Взошло солнце. Показался Байкал.
С чем сравнить эту бесконечную белую, льдистую поверхность Байкала, всю обставленную нежнейшими жемчужными переливами Кругобайкальских гор. Невдалеке казались они — вот-вот, а между тем до них было до 60 вёрст. Всё это ожерелье под бледно-зелёным морозным небом сияло красными, голубыми, зелёными — аквамариновыми тонами, огнями такой изумительной тонкости, нежности и прозрачности, что на сияние каких-то сказочных, небывалых, сплошь жемчужных дворцов походило оно.
А ведь кроме всяких этих красот — это был Байкал, желанная грань, отделяющая царство красных от царства белых.
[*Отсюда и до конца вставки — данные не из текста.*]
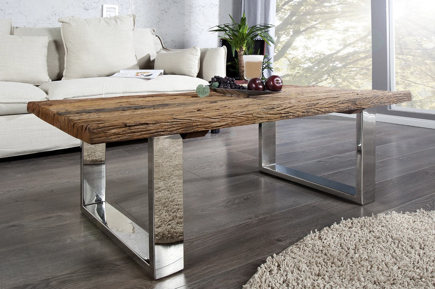 Affirmez le style de votre intérieur avec la table basse RAFTA, une pièce au design industriel marqué qui met à l’honneur la matière brute. Son plateau en bois de teck recyclé attire immédiatement le regard par son aspect naturel, irrégulier et profondément authentique.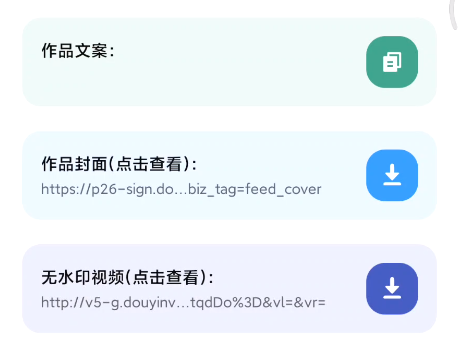 之后便会弹出功能选项,包括文案提取、封面提取、以及最重要的视频下载: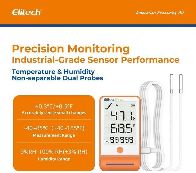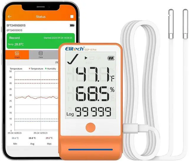 Dual Power Options - GSP-6Pro is powered by AA battery, allowing continuous data recording for up to one year at a 15-minute interval with the alarm turned off at normal temperatures. And USB power option is available for use when the battery is flat.

Ведь по мере того как уходили мы на восток, всё резче и резче выделялась фигура атамана Семёнова.
Людям, не знающим, где преклонят они вечером голову, людям обречённым, людям, уходящим от чего-то кошмарного и гнусного, — было всё равно, где найдут они избавление, где стоит тот жертвенник, за рога которого они схватятся. А кроме того, разве первые пункты, первые ожидаемые этапы не обманывали? Разве надежды на Ново-Николаевск, Томск, Красноярск, Иркутск, наконец, не пали воочию под руками глупцов, предателей и убийц?
Армия шла к атаману Семёнову как к тому последнему оплоту, последнему, который оставался ещё на Дальнем Востоке. Долетали уже быстрые вести о переворотах во Владивостоке, но ещё верилось в союзническую помощь японцев и в безжалостную силу атамана, и массам определённо импонировало это имя.
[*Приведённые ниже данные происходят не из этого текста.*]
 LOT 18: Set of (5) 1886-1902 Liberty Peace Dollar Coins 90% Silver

И от всего этого нас отделял лишь Байкал, сияющий жемчугом в это ясное, февральское утро…
Село Никольское по правому берегу р. Ангары и, наконец, с. Лиственичное у устья р. Ангары. Там остановились, встретились со своим отрядом, налетевшим на красных в с. Благовещенске, и шумный самовар объединил почти весь «командный состав» за беседой. Так прошёл день.
На другой день для ориентировки мы с А. Н. Полозовым и с седым воякой добрейшим Вейнбергом двинулись на ст. Байкал к чешскому коменданту. Объехали огромную полынью, у истока Ангары проехали мимо замёрзшего ледокола «Ангара», мимо полуразрушенной эстакады, куда, бывало, приставал славный «Байкал», и вылезли прямо на берег у маленькой, прижатой к скалам, станции Байкал.
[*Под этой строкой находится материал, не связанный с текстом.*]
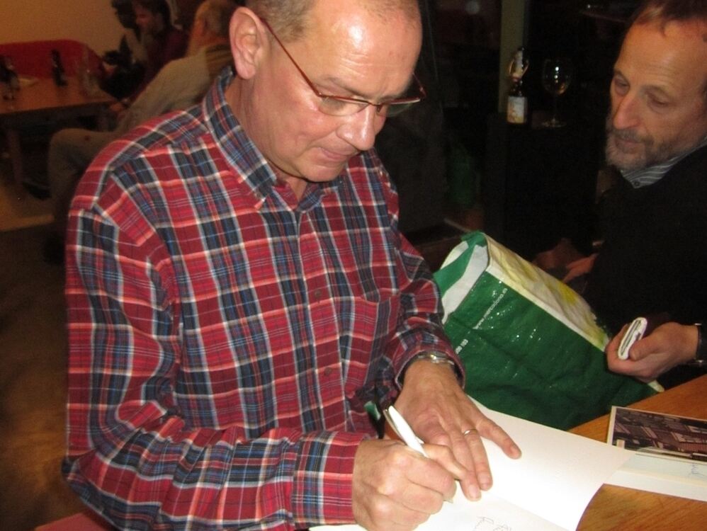 Autor Bernd Weiler signiert sein neues Werk, den Krimi »Leberkäsweckle«. FOTO: PR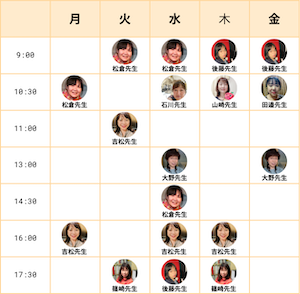 今週の「音会なかま紹介」では、現在開講している週1回クラスの時間割を、担当の先生のお顔写真とお名前とともに一覧にしました。
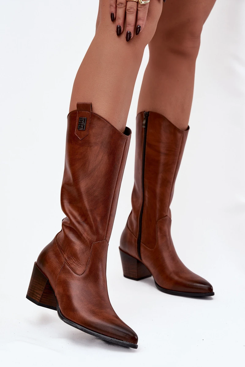 Kožené Kovábojky Na Podpatku Vyhřívané Zazoo 70155 Hnědé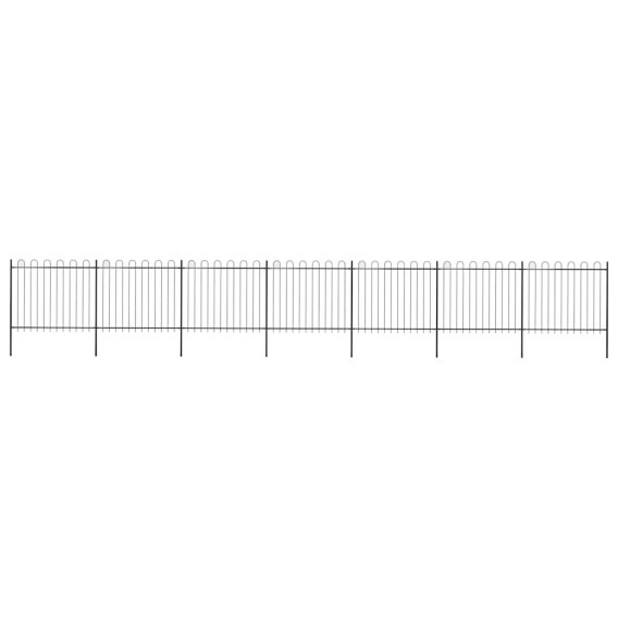 Stwórz eleganckie ogrodzenie wokół swojego ogrodu lub domu! To ozdobne, stalowe ogrodzenie, składające się z 7 paneli i 8 słupków, ma długość całkowitą 11,9 m. Utworzy mocną, bezpieczną i niewymagającą konserwacji granicę Twojego ogrodu, siedliska lub terenu komercyjnego.

Боже мой, сколько афиш было расклеено на этой станции и какими только словами не называли нас на них! И убийцы, и грабители, и тёмные силы! «Есть от чего в отчаяние прийти». Все силы, вся энергия трудового народа призывалась на борьбу с нами, все призывались на истребление «остатков каппелевских банд». Чех-комендант ещё спал, и мы имели довольно времени, чтобы вычитать все эти перлы революционного красноречия.
Прохаживаясь по платформе, увидел я троих людей, по виду мастеровых. Прямо волками смотрели они на нас, на наши вооружённые фигуры, и было страшно за то количество ненависти, которое горело в их глазах…
Я подошёл к ним. При моём приближении один из них совершено определённым жестом засунул руку в карман полушубка.
— Ну что ж, братцы, долго ли ещё будем воевать? — возможно весело спросил я их.
Те насупились и стояли молча. На повторенный вопрос один сказал:
— Ну, кончайте вот сами, а мы за вами.
— А что у вас здесь на станции порасписано? — И такие-то мы, и сякие-то… С такими-то людьми ведь мира заключать не приходится…
— Вот и дерёмся…
— Доколе ж драться? Пока сполна всех не перебьём? Может, договориться как-нибудь можно?..
— Да вы вот не договариваетесь, да уходите…
— А почему уходим?
— А Бог вас знает… Умны, должно быть…
Меня взорвало…
— Ну, умны, не умны, а вас не глупее. Не хотим с большевиками жить — жили довольно.
— Да и мы с ними жили — ничего.
— Так что ж ты думаешь, неужто вся эта сила, что мимо вас который день идёт, — всё это зря взбаламучено? А может быть, и мы кое-что понимаем? И вот, паря, попомни: придут большевики, попробуешь, — тогда и нас поймёшь… Понял?
— Понял.
— Прости.
Мы, пожав друг другу руки, расстались. Чешский комендант ст. Байкал оказался весьма любезным человеком. Узнал нам по диспетчеру, что со станции Слюдянка по неизвестному направлению вышел отряд красных в 1000 человек, что ст. Мысовая занята японцами, окапывающимися на ней.